**Task prompt:**
Your task is to retype, word for word, the lines from the start of the data through the line holding "Wspaniały zestaw balonów". Do not include the pictures.

**Recorded information:**
◆ ◆ ◆ ◆ ◆ ◆ ◆

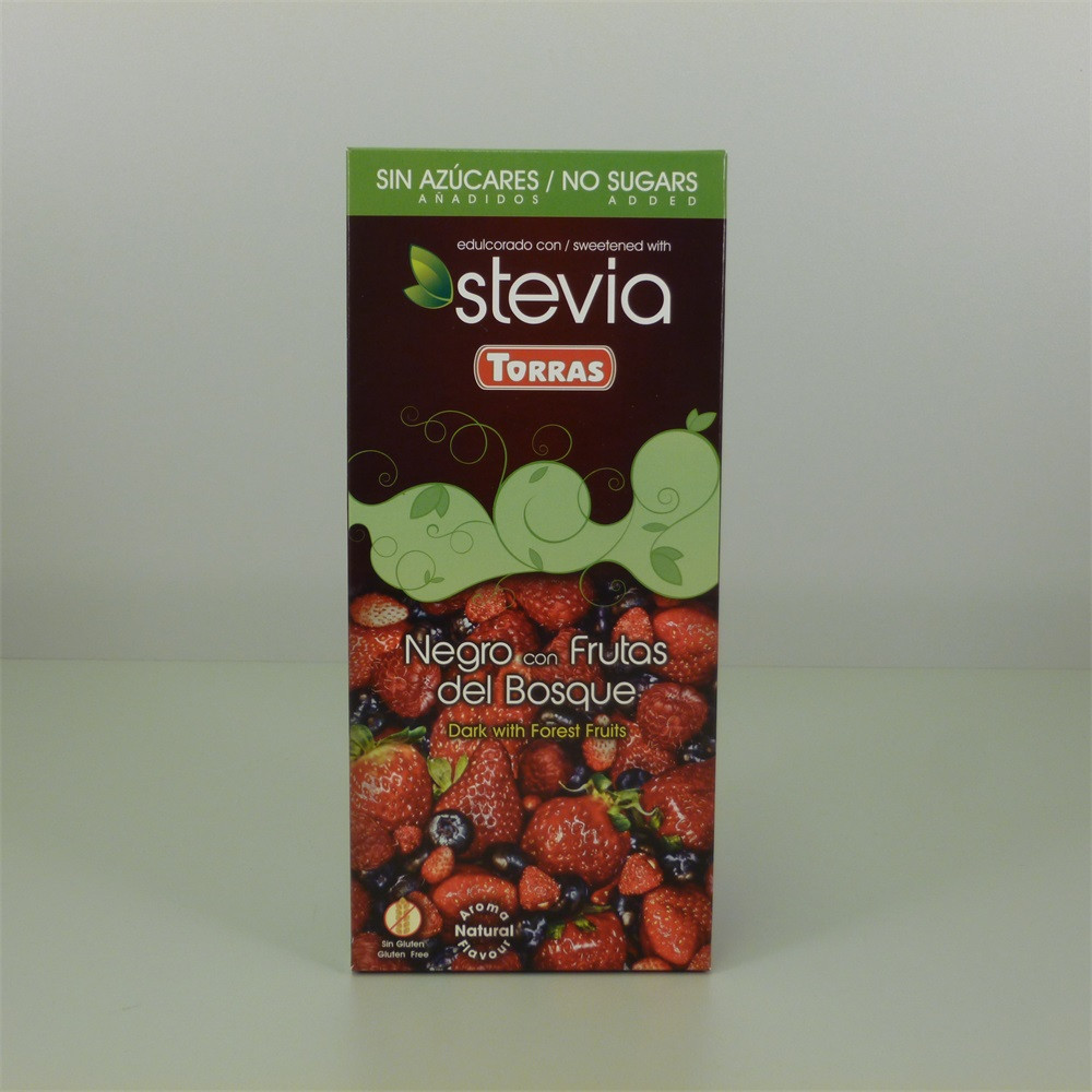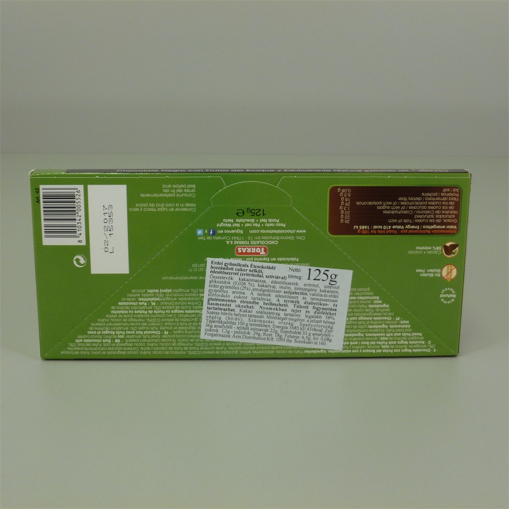 Erdei gyümölcsös táblás étcsokoládé több, mint 60% kakaó tartalommal. Nem tartalmaz hozzáadott cukrot, ahogy glutén tartalmú alapanyagokat sem. Édes ízét a természetes szénhidrátok mellett az eritrit és stevia párosa biztosítja. 100 g-ban mindössze 5 g felszívódó szénhidrát található ebből 2 g cukor, így lehetővé teszi az IR és más cukorszegény diétákba való beillesztését.
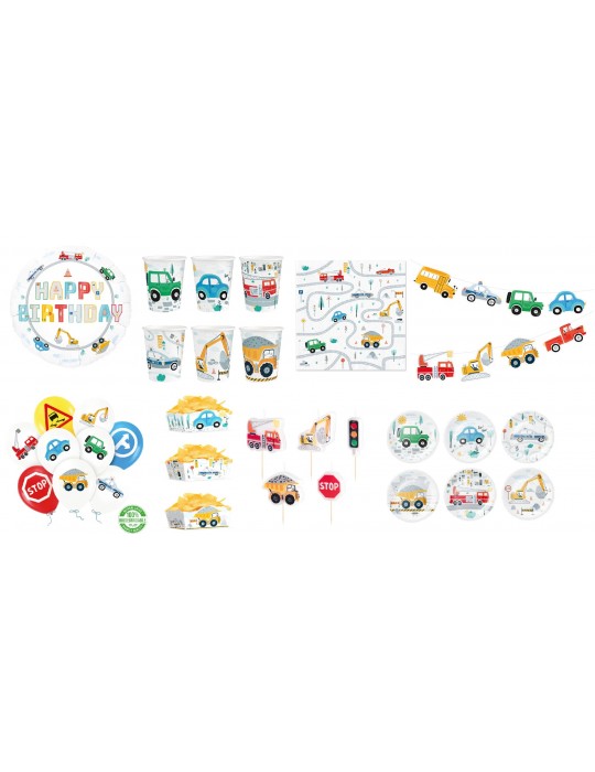 Wspaniały zestaw balonów lateksowych z autami i znakami drogowymi, w 100% biodegradowalnych.
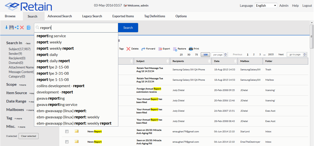 The search in Retain 4 is designed to work much like a Google search, with anticipated auto-correct search terms. The Search tab will allow searching across the entire Archive for administrators, while users will only be able to search their own archive.

◆ ◆ ◆ ◆ ◆ ◆ ◆

**Exercise response:**
 Erdei gyümölcsös táblás étcsokoládé több, mint 60% kakaó tartalommal. Nem tartalmaz hozzáadott cukrot, ahogy glutén tartalmú alapanyagokat sem. Édes ízét a természetes szénhidrátok mellett az eritrit és stevia párosa biztosítja. 100 g-ban mindössze 5 g felszívódó szénhidrát található ebből 2 g cukor, így lehetővé teszi az IR és más cukorszegény diétákba való beillesztését.
 Wspaniały zestaw balonów lateksowych z autami i znakami drogowymi, w 100% biodegradowalnych.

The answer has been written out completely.